Bug 746440 – improve behavior for assumed and unmanaged devices, do better at seamless take over, and don't touch devices

After an evaluation, GNOME has moved from Bugzilla to GitLab. Learn more about GitLab.
No new issues can be reported in GNOME Bugzilla anymore.
To report an issue in a GNOME project, go to GNOME GitLab.
Do not go to GNOME Gitlab for: Bluefish, Doxygen, GnuCash, GStreamer, java-gnome, LDTP, NetworkManager, Tomboy.

Bug 746440 - improve behavior for assumed and unmanaged devices, do better at seamless take over, and don't touch devices


Summary:	improve behavior for assumed and unmanaged devices, do better at seamless tak...


Status:	RESOLVED OBSOLETE

Product:	NetworkManager
Classification:	Platform
Component:	general
Version:	git master
Hardware:	Other Linux

Importance:	Normal normal
Target Milestone:	---
Assigned To:	Thomas Haller
QA Contact:	NetworkManager maintainer(s)

URL:
Whiteboard:

Depends on:	746566
Blocks:	699843 nm-next

Reported:	2015-03-19 10:30 UTC by Thomas Haller
Modified:	2020-11-12 14:32 UTC

See Also:
GNOME target:	---
GNOME version:	---

Description Thomas Haller 2015-03-19 10:30:47 UTC

Current state:
==============

Currently a device can be unmanaged. For example, some device types are unmanged by default, and you can configure keyfile.unmanged-devices.

An unmanaged devices still has an IPConfig D-Bus object associated, but it doesn't have a connection and no active-connection (even if it is up).

Also, it cannot be activate -- unless it is only unmanaged due to user-unmanaged, in which case a user up-command can activate the connection.



Otherwise, when a device is externally configured, we assume a connection. Either by reusing one of the persistent connections (if applicable) or generating a temporary assumed connection.

The connection appears to be activate normally, but we kinda promise that we don't mess with it.



The promise that we don't touch devices is shallow. Especially if the assumed connection has ipv6.method=auto, we issue RS and accept Router Announcements. We also accept callbacks from the dhclient helper (nm-dhcp-helper) and will extend DHCP leases.


How it should be
================


"unmanaged" should become more like assumed is now. We should always generate an assumed connection for it and pretend that the device is active (if it is configured). But with the additional promise that we really, really don't mess with the device. Not at all. Ever. User told us not to, so we don't do anything except observing.

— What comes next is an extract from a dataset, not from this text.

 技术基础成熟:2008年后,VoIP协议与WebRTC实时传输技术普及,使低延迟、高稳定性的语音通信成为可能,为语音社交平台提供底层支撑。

"assumed" should be more like a seamless-take-over. This is especially needed if you stop and restart NM. On stop it leaves the device up, but on restart it must seamlessly take over it -- but with managing it afterwards.
Especially, on such an assumed device it must handle new DHCP leases and do SLAAC.

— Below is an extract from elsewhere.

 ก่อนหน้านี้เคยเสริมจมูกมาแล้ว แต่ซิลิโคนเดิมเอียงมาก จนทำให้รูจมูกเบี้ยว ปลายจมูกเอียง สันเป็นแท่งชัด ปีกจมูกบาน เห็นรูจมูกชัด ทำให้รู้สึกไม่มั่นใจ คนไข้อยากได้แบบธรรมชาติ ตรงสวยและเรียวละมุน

currently assuming a connection tells you that it won't manage your device, but it still does some careful managing.

Comment 1 Dan Williams 2015-04-17 16:44:07 UTC

Agreed with "How it should be".  For the "assumed" state, if we can't tag the interface somehow in the kernel, then I guess we could serialize some state to /run and try to match that state on startup (if it's new enough), and then if the state matches the interface is "assumed".  If the state doesn't match it's "unmanaged".  The state would include most attributes of the interface, addresses, routes, L2 properties, /proc/sys/net/conf stuff, etc.

Comment 2 Thomas Haller 2015-06-02 13:43:07 UTC

This depends on bug 746566.

Comment 3 Thomas Haller 2015-11-09 16:53:03 UTC

Proposed solution should look like: https://mail.gnome.org/archives/networkmanager-list/2015-November/msg00031.html

Comment 4 Thomas Haller 2016-02-23 09:59:23 UTC

See also: bug 699843

Comment 5 Colin Walters 2016-05-11 18:07:19 UTC

Is this the bug where we figure out how to get NM to ignore Docker veth devices again?

Following: https://bugzilla.gnome.org/show_bug.cgi?id=731014

Two years later, with: NetworkManager-1.2.0-1.fc24.x86_64

I still see huge amounts of log spam from NM every time Docker creates a veth device.

Comment 6 Dan Williams 2016-08-17 18:43:45 UTC

(In reply to Colin Walters from comment #5)
> Is this the bug where we figure out how to get NM to ignore Docker veth
> devices again?
> 
> Following: https://bugzilla.gnome.org/show_bug.cgi?id=731014
> 
> Two years later, with: NetworkManager-1.2.0-1.fc24.x86_64
> 
> I still see huge amounts of log spam from NM every time Docker creates a
> veth device.

NM won't touch them, but NM will see the device and expose it's configuration on D-Bus like any other device.  That's likely the logspam you're seeing.  But there should be no change to the veth configuration if it's created outside of NM.

Comment 7 Colin Walters 2016-08-19 13:38:28 UTC

Maybe there's not, but it's a lot of logspam.  Do I really need to know over and over that `veth` doesn't have carrier every time I start a Docker container?

Aug 18 09:20:04 wlan-196-48.bos.redhat.com NetworkManager[1144]: <info>  [1471526404.2288] device (veth74b5778): driver 'veth' does not support carrier detection.

Including for short-lived containers, warnings like:

Aug 18 09:20:08 wlan-196-48.bos.redhat.com NetworkManager[1144]: <warn>  [1471526408.9017] device (veth9c8beab): failed to find device 24 'veth9c8beab' with udev

(Since the device disappears by the time NM probes it)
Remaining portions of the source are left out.